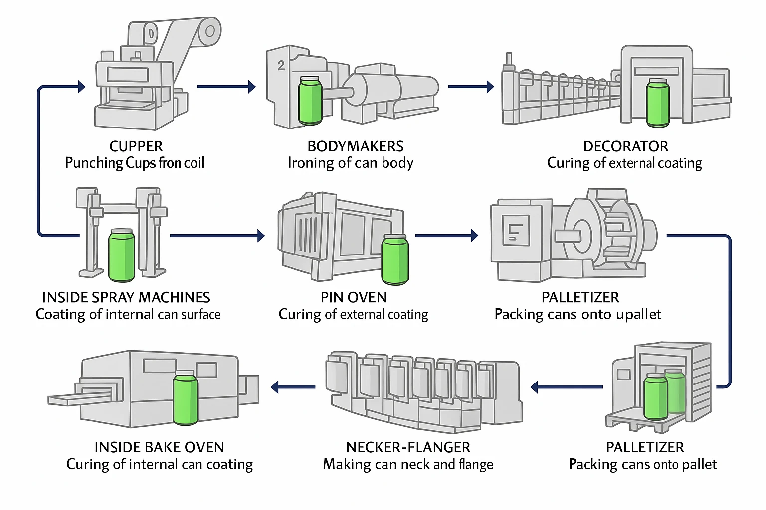 | 9 | Palletizer | Packs finished cans onto pallets for storage and shipment. |
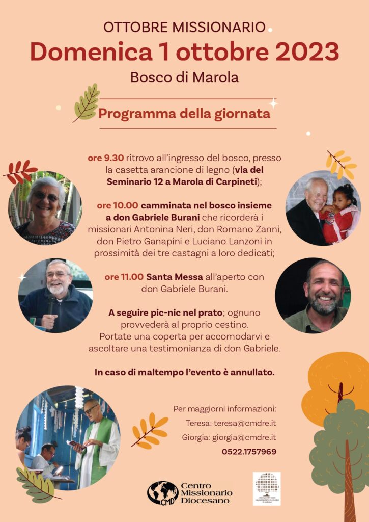 Domenica 1° ottobre, dalle 9.30, il Bosco di Marola inaugura l’ottobre missionario con una giornata in cammino nella natura per ricordare le missioni e i missionari che ci hanno recentemente lasciato.
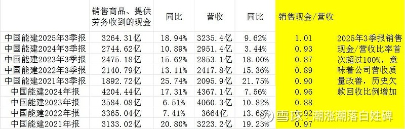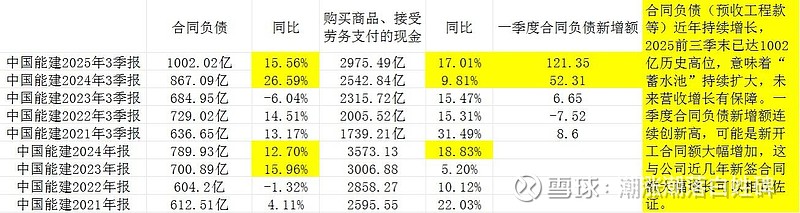 今天我重看中国能建3季报,发现几个有意思的数据,特地把历年数据做了一张表研究。研究过程我把表截图给诸位看,研究结论是:

▸ **What to do**: Transcribe the listing exactly, skipping pictures.

▸ **Response area**:
 | 9 | Palletizer | Packs finished cans onto pallets for storage and shipment. |
 Domenica 1° ottobre, dalle 9.30, il Bosco di Marola inaugura l’ottobre missionario con una giornata in cammino nella natura per ricordare le missioni e i missionari che ci hanno recentemente lasciato.
 今天我重看中国能建3季报,发现几个有意思的数据,特地把历年数据做了一张表研究。研究过程我把表截图给诸位看,研究结论是:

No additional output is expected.